If you think you are ready to climb an 8000er, then some of the thrilling and daring choices are Cho Oyu, Shishapangma (both to be climbed from Tibet) and Gasherbrum II (Pakistan). The route to Shishapangma is relatively safer. It is not as crowded as Cho Oyu, so you can look ahead for a ‘just our team and the mountain’ experience.
Shishapangma is the 14th highest mountain in the world with altitude at the peak ranging from 8012m to 8046m. The mountain has two summits.
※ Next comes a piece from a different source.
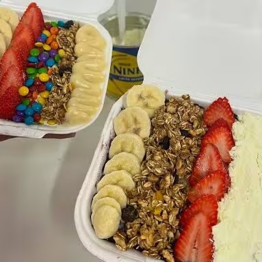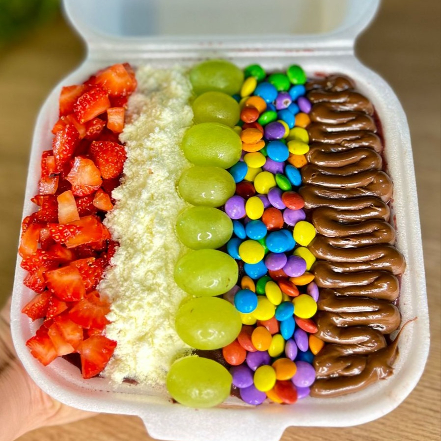 Um pote de açaí Duubom de verdade, com produtos de qualidade, monte ele nos complementos.

The commonly climbed is Central summit (8012m) whose expedition we have organized several times.
Before the Chinese opened Tibet to western mountaineers in 1970, little was known about Shishapangma. The only 8000m peak to lie entirely in Tibet, it lies tantalizingly close to the Nepalese border, shrouded behind the great, but less high, board peaks of Langtang.
It is perhaps not surprising that it was the last of the 8,000m peaks to be climbed. Not that its ascent the North-Western Ridge presents any great difficulty. On the contrary, it is now regarded as one of the most straight-forward 8,000m climbs and its summit is frequently achieved. Regarded as a “holy” mountain by the local Tibetan population, and lying on the route to Mt. Kailash, Shishapangma continues to baffle everyone. Historians cannot fathom her names – Shishapangma, Xizabangma, Gosainthan, and surveyors seem unable to fix her height (anything from 8,012m to 8,046m). Even the first ascent by the Chinese in 1964 is questioned, due to the lack of photographic evidence and the fact that the summit ridge sports several subsidiary “summits”. Yet, the mountain is perhaps the most accessible of her genre, rising only a few miles west of the Kathmandu-Lhasa Highway.
The original North West Ridge route is an excellent objectively quite safe, and the terrain offers good camp sites at the Tibetan Plateau (lying in the Himalayan Shadow usually provide excellent topping-out opportunities).